Here are some additional tips from local dietitians and nutrition experts to help make the holidays a little healthier:

Holiday meals

• Eat normally prior to the event. Start the day with a good breakfast.

• Turkey is a great source of lean protein, so keep it that way. Steer clear of self-basting turkeys; they’ve been injected with butter or other fats. Avoid adding fats by roasting or smoking your turkey rather than deep-frying it.

• Bake your stuffing outside of the bird. Stuffing cooked inside the turkey absorbs fat and increases calories.

• Have small dishes of vegetables around for people to snack on before dinner.

• Make a one-plate rule. Skip seconds knowing dessert is still on the way.

• Focus on quality, not quantity by choosing the foods you really want versus everything that is offered.

• Make half of your plate vegetables or green salad.
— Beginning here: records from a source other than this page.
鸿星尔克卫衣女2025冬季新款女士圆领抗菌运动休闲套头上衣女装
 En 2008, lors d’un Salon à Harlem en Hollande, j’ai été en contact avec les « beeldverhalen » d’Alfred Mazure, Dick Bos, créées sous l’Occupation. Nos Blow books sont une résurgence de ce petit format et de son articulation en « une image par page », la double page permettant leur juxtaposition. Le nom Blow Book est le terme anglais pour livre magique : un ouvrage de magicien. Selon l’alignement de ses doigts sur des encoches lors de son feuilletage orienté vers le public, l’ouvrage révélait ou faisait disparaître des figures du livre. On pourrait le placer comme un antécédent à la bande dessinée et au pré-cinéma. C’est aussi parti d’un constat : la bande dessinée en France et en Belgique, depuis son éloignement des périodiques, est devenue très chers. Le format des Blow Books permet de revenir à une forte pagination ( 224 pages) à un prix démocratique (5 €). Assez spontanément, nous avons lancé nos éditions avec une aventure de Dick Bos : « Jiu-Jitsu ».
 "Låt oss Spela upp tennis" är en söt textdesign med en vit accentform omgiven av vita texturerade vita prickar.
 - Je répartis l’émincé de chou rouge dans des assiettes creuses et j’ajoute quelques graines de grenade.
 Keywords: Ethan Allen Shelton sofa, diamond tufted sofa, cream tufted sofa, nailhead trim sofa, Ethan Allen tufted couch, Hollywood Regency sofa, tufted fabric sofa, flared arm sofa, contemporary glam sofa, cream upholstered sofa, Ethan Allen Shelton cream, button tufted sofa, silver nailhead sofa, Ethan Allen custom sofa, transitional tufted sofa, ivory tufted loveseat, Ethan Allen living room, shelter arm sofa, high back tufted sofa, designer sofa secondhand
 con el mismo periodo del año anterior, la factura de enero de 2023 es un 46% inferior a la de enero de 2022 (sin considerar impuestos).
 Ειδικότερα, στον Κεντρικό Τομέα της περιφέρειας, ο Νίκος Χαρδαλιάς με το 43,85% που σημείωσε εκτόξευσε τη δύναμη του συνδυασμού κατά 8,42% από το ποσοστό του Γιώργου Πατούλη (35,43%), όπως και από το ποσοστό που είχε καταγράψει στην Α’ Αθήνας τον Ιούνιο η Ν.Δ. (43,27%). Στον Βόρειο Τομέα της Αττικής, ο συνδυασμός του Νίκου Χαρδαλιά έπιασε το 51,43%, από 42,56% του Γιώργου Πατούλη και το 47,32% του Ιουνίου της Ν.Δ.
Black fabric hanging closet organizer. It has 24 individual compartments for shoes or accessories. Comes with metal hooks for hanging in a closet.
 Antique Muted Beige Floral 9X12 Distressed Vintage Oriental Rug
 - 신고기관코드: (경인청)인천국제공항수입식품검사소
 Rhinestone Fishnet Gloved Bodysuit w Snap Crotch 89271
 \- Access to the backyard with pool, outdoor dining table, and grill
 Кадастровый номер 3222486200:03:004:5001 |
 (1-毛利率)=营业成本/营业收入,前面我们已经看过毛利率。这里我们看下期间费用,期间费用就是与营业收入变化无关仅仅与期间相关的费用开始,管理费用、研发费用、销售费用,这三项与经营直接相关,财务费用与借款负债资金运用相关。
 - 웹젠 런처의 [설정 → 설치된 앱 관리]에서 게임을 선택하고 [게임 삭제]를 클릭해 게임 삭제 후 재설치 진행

• Watch portion sizes. Some food items you won’t want to skimp on the flavor of ingredients, such as butter or full cream. So watch the portion size of those items.

• Choose one starchy food, such as potatoes or stuffing. If you choose two servings of starchy items, you should offset those with two servings of vegetables.

Beverages

• Serve seltzer water and fruit juice for a festive-looking drink.

• Offer low-calorie beverage options, such as water with wedges of fruit or hot apple cinnamon tea with sliced apples in a crock pot.

• Limit yourself to one or two cocktails. Then drink sparkling water as an alternate “special drink.”

Exercise

• Sign up for a turkey trot the morning of Thanksgiving. You can walk or run. Choose a distance that will be challenging but doable.

• Get the whole gang out for a neighborhood walk between dinner and dessert.

• Make the walk fun by sharing things you’re thankful for or playing “I spy” while walking through the neighborhood.

Other tricks

• Get out grandma’s china. Plates in the 1960s were typically 8 ½ inches in diameter versus today’s 12-inch platter, which holds about 40 percent more food.

• Make a plan for leftovers. If you’re hosting the holiday meal, purchase inexpensive plastic containers to pack goodie bags for your guests.

• Don’t stand next to the food or beverage table.

Tips provided by: Chris Collins, registered dietitian at the Center for Weight Management at PeaceHealth Southwest Medical Center; Jendy Newman, registered dietitian at PeaceHealth Southwest’s Diabetes Endocrine and Nutrition Center; Stasha Hornbeck, registered dietitian at Kaiser Permanente; and Sandra Brown, food safety and nutrition expert at Washington State University Clark County Extension.